BACKGROUND: Careful surgical strategy is paramount in balancing the prevention of fascial dehiscence, incisional hernia (IH) and fear of additional mesh-related wound complications post-laparotomy. This study aims to review early outcomes of patients undergoing an emergency laparotomy with prophylactic TIGR® mesh, used to reduce early fascial dehiscence and potential subsequent IH.
METHOD: A retrospective, ethically approved review of 24 consecutive patients undergoing prophylactic TIGR® mesh placement during emergency laparotomies by a single surgeon between January 2017 and June 2021 at a University Hospital. A standardized approach included onlay positioning of the mesh, small-bite fascial closure, and a wound bundle. We recorded patient demographics, operative indications, findings, degree of peritonitis, postoperative complications, and mortality. RESULT: The study included 24 patients; 16/24 (66.6%) were female and median age was 72.5 (range 31-86); 14/24 patients were ASA grade III or greater; 4/24 patients (16.6%) developed six complications and 3/6 occurred in a single patient. Complications included subphrenic abscess, seroma, intrabdominal hematoma, enterocutaneous fistula leading to deep wound infection and small bowel perforation. Five (20.8%) patients died in hospital; central venous catheter sepsis (n = 1), fungal septicaemia (n = 1) and multiorgan failure (n = 3). Surgical site infection and seroma rates were low, occurring in 2/24 patients (4% each).
CONCLUSION: This study has identified that prophylactic onlay mesh in patients undergoing an emergency laparotomy is not associated with significant wound infection or seroma when used with an active wound bundle. The wider use of TIGR® to prevent fascial dehiscence and potential long-term IH prevention should be considered.

Introduction

Fascial dehiscence, early as a burst abdomen and later as an incisional hernia (IH), is recognized as significant potential sequelae of both elective and emergency abdominal surgery occurring in 2–30% of cases. Over 4 million laparotomies are performed annually in the United States alone with an average IH rate of 20%, resulting in approximately 800 000 new IHs each year. , Abdominal fascial dehiscence has been reported to occur in 2%–10% of emergency laparotomies, with an associated postoperative mortality rate of 20%–45%.
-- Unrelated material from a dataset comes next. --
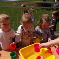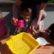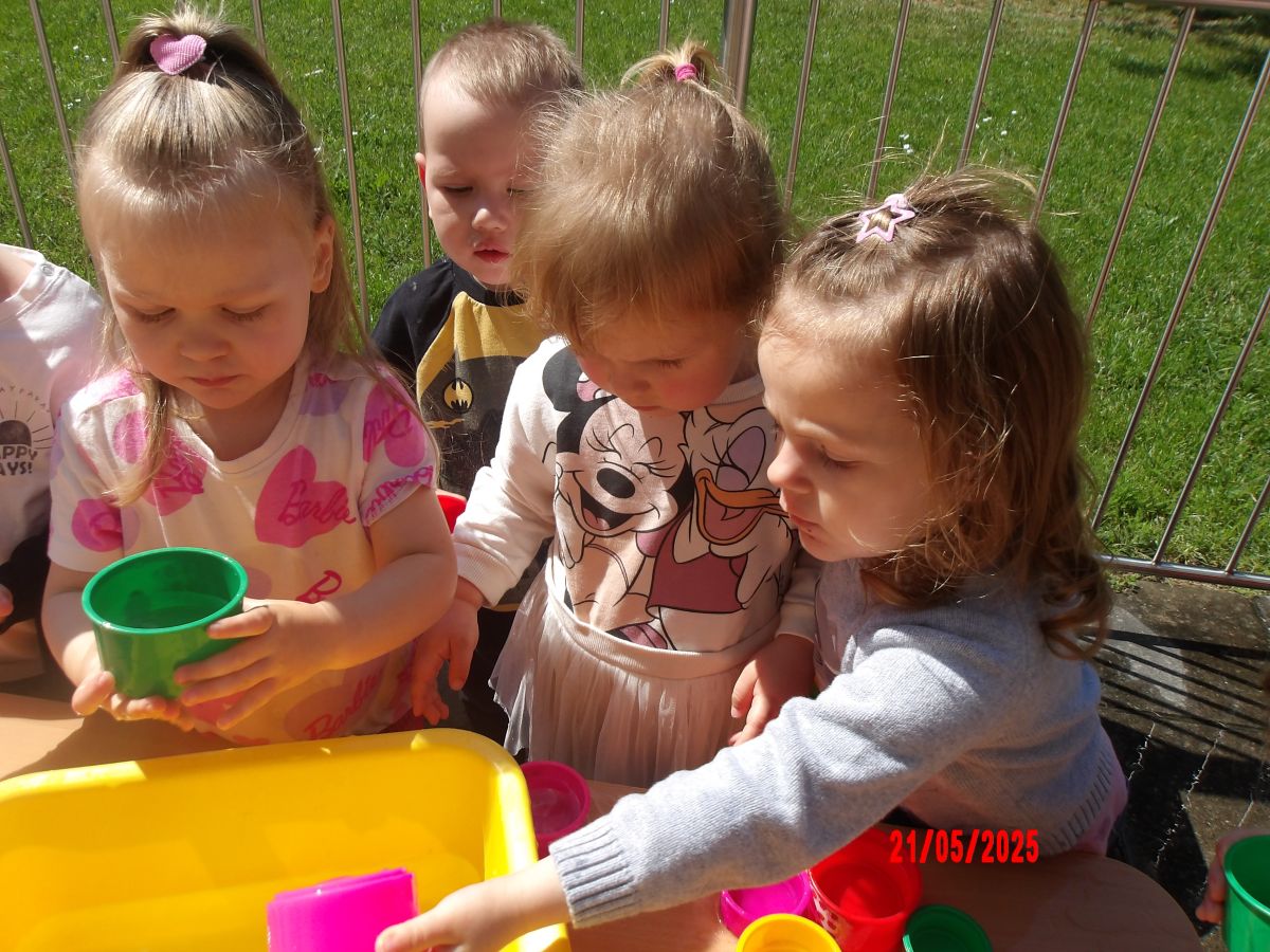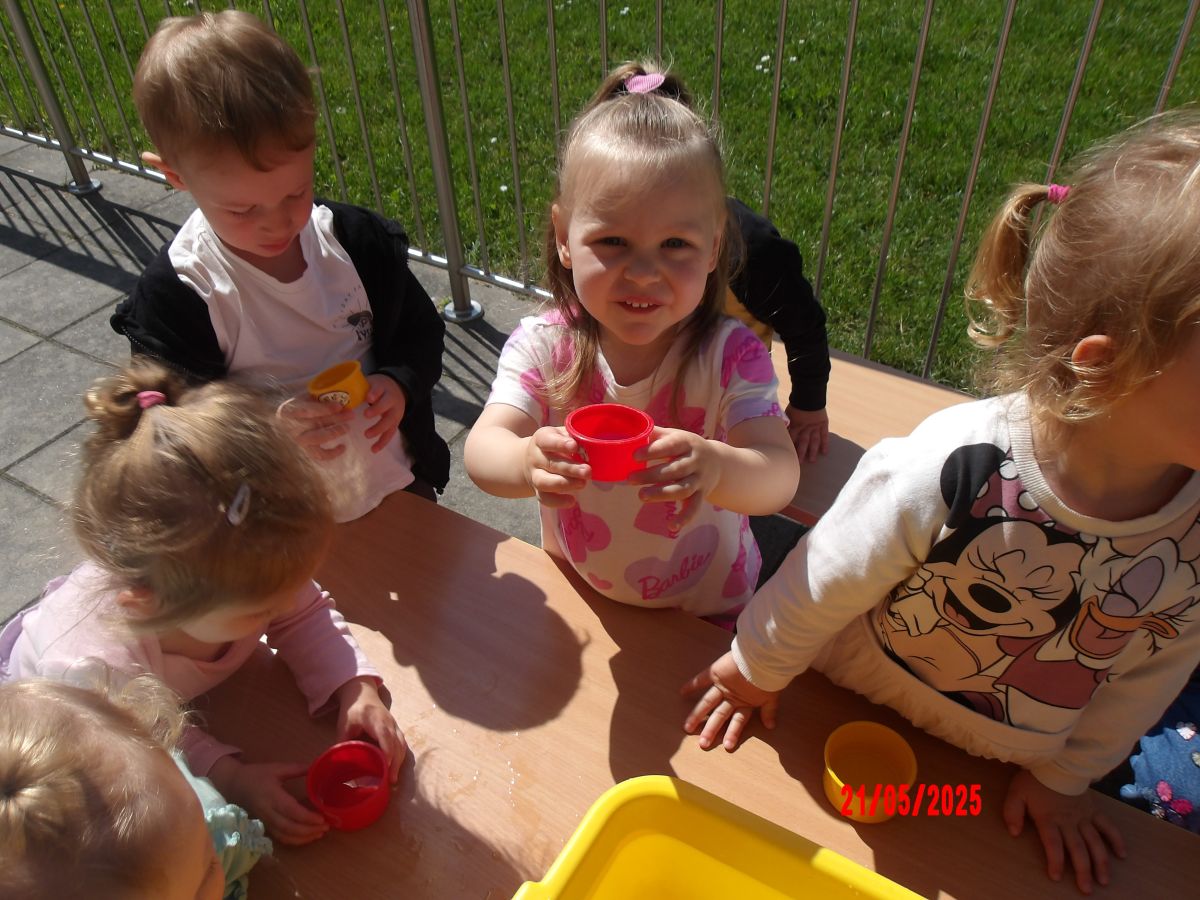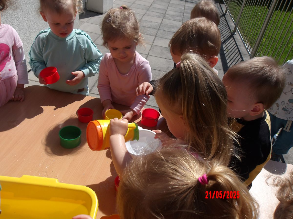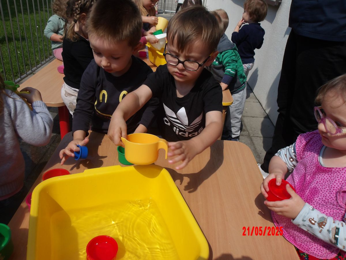 Z dużą ciekawością odkrywały właściwości cieczy. Przelewały, wylewały, a

For over a decade, various evidence‐based interventions have been shown to reduce IHs, including wound bundles, optimal surgical fascial closure techniques and prophylactic mesh placement (PMP). Wound bundles, a relatively recent innovation in surgery, are a series of evidence‐based interventions known to improve patient outcomes when combined and have a positive impact on both elective abdominal surgeries and emergency laparotomies. , Simple techniques, including the documentation of suture‐to‐wound length ratios during fascial closure and the use of small bite sutures, have been shown to reduce IH rates by 30%. Recent randomized controlled trials have shown PMP to be beneficial during fascial closure, reducing IH rates by at least half. , , , There are numerous potential positions for mesh placement: onlay, inlay, sublay, underlay and intraperitoneal, each with their own benefits and complication profiles. Onlay mesh placement was popularized by Chevrel in 1997 and is technically easier to perform.
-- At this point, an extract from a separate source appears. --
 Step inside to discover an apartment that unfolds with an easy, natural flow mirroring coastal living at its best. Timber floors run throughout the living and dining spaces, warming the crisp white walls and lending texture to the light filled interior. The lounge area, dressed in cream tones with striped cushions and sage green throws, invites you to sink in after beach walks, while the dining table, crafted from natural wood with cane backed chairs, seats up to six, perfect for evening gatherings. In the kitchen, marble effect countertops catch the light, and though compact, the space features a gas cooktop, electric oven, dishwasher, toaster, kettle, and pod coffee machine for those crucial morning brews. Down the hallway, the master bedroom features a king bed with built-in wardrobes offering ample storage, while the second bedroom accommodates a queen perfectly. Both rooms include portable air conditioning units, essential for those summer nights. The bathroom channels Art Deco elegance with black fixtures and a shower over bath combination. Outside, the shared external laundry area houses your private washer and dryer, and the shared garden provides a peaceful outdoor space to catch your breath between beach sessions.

While studies of onlay macroporous Prolene® mesh have been promising in preventing IH, surgeons have reported adverse effects following mesh insertion, including surgical site infection (SSIs) and mesh extrusion. This has led to a reluctance to change surgical practices. , In theory, long‐acting resorbable (LAR) synthetic meshes offer potential advantages that may reduce these concerns. The use of TIGR®, a multifilament bio‐absorbable mesh, has not been widely reported outside breast surgery despite being available for the last 20 years. , This study reviews the early outcomes of patients undergoing prophylactic TIGR® mesh placement in abdominal closure during emergency abdominal surgery.

Methods

A retrospective, ethically approved review of all patients who had prophylactic TIGR® mesh placement during emergency abdominal surgery was undertaken at Letterkenny University Hospital between January 2017 and June 2021. The patients' demographics, operative indications, findings, and degree of peritonitis were collected. The Mannheim Peritonitis Index (MPI), interpreted predicted mortality rate, and World Society of Emergency Surgery (WSES) scoring system were calculated. , The Portsmouth physiological and operative severity score for mortality and morbidity (P‐POSSUM) and the National Emergency Laparotomy Audit (NELA) prediction model were calculated using the Risk Predication in Surgery P‐POSSUM calculator and NELA risk calculator. Mortality was defined as in‐patient death or death within 30 days of the index operation. The Center for Disease Control and Prevention (CDC) surgical wound grading system (I: clean; II: clean/contaminated; III: contaminated; IV: dirty) was used to classify surgical wounds during the operation. Clavien‐Dindo classification was used to record postoperative complications. There were three patients who had damage control surgery during the study period. These were not included in this study as they did not have a mesh. Four other patients did not have mesh inserted due to its lack of availability.

Surgery was performed by a single consultant surgeon (MS), and fascial closure was performed using a small bite technique with a 5 mm separation of continuous 2/0 polypropylene (Prolene®) and a 10 mm‐wide bite in the fascia. This was in line with the small bite small suture STITCH study approach. The preference of the team was to use a non‐absorbable, although an absorbable suture could be used. Before fascial closure, 4 cm of subcutaneous fat was dissected from the fascia on either side of the midline. It was the surgeon's routine practice to place the mesh. TIGR® mesh was placed in an onlay position, as shown in Figure S1, using two 4 cm‐wide strips on either side of the fascia prior to fascial closure. The mesh was fixed to the fascia using a 2/0 continuous Prolene® suture. The fascia was then closed, and the mesh was incorporated into the primary closure. The subcutaneous tissue was closed in layers interrupted with a 3/0 Polydioxanone Suture (PDS) stitch with the bite incorporating the mesh to bring the subcutaneous tissue down to the mesh plane to ensure it was closed. Skin closure was performed using subcuticular 3/0 Stratafix®, except in two patients with fasciitis where the skin was left open and an ActiVAC™ negative‐pressure wound therapy (NPWT) dressing system was applied. In the two patients who had the skin left open this was a delayed closure of the dermis however the subcutaneous tissue was closed in a similar fashion. The time taken for fascial exposure and onlay placement was not recorded but, in our experience, the process takes 20–25 min. All patients were followed up and reviewed as outpatients, and the wounds were assessed for SSIs and clinical evidence of IHs.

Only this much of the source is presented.